Estamos vivendo em um país cada vez mais radicalizado, à
esquerda e à direita.
O senhor acredita que essa divisão continuará por
bastante tempo?
No momento, na minha opinião, a esquerda não existe. E ela
não existe porque Ciro Gomes, que seria o nome mais interessante, é boicotado
pelo PT, que ainda luta para tirar Lula da cadeia. É um surto psicótico. O
PSOL, que reúne alguns nomes mais próximos da intelectualidade, como o
Guilherme Boulos, que é um sujeito preparado e capaz, marca traço de audiência.
O PSOL precisaria de um milagre.
Tendo em vista o início em que ele era muito desacreditado,
a eleição de Bolsonaro à presidência pode ser considerada um milagre?
Não. Bolsonaro representa um grupo que se sentiu excluído
por muito tempo. O conservadorismo de costumes tem uma importância grande no
país. Além disso, a população foi ficando de saco cheio dos excessos da
esquerda e das discussões inúteis, como ideologia de gênero.

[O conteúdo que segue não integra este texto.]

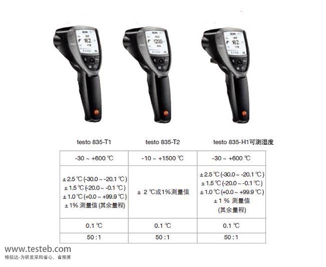 | 型號 | testo 835-T1 | testo 835-T2高溫型 | testo 835-H1帶濕度測量 |

Quando eu digo inútil é no sentido estatístico, não para
quem sofre com o problema. As mídias sociais fizeram Jair Bolsonaro acontecer.
E contou com uma incompetência da oposição. O PSDB, por exemplo, é um partido
péssimo de 15 caciques e dois índios. É um partido de salto alto.
As mídias sociais são um espelho do atual momento de
radicalismo. O senhor acredita que, em algum momento, esse conflito tende a ser
amenizado?
As pessoas, na maior parte do seu dia a dia, tendem ao
centro. Elas só radicalizam quando estão sofrendo demais. Se tivermos um equilíbrio
econômico no país, os radicais perdem espaço. As mídias sociais sempre serão
uma ferramenta de instabilidade, de marketing político e sempre terão notícias
falsas. As pessoas usam essas notícias falsas quando gostam e quando é
conveniente. Elas não ligam para fonte.
Está faltando conversa entre as partes? Ao mesmo tempo, os
mais extremistas estão relutando qualquer tipo de contato com o espectro
político contrário.
A estabilidade mental política precisa de um diálogo ao
centro. A política é a capacidade de conviver com o que você não concorda. Não
é conviver com o que você concorda. Isso é prova de que o Bolsonaro não entende
nada. E eu acho que a polarização tende a continuar por mais de quatro anos.
Acho bem difícil que as eleições de 2020 e 2022 não sigam o mesmo caminho.
Muito por culpa do governo Bolsonaro, isso se ele não acertar o passo.
O senhor sempre se colocou como um liberal. Ao mesmo tempo,
o movimento é visto como pouco preocupado com questões como a justiça social.
Qual é a sua percepção desse movimento atualmente?
O movimento tem que amadurecer, como todos os outros. O
socialismo, por exemplo, está aprendendo a amadurecer na porrada porque não deu
certo em nenhum lugar. Toda a percepção de mundo tem que amadurecer. Mas quando
eu me identifico com o universo liberal é porque, dentro de todas as políticas
econômicas, é a que me parece menos ruim. Não sou anarcocapitalista, por
exemplo. Porém, para se ter justiça social, é necessário equilíbrio fiscal. E
para isso, são necessários princípios liberais de administração do Estado. Não
se faz justiça social quebrando o Estado.
Às vezes, a esquerda é cega porque ela quer ser ou porque
simplesmente não quer enxergar uma realidade. Assim como a direita liberal pode
ser cega ao não levar em conta toda uma gama de elementos de mal estar que o
capitalismo causa nas pessoas. Ser competente e eficaz o tempo inteiro causa
problemas psicológicos nas pessoas, desvinculação familiar, entre outros.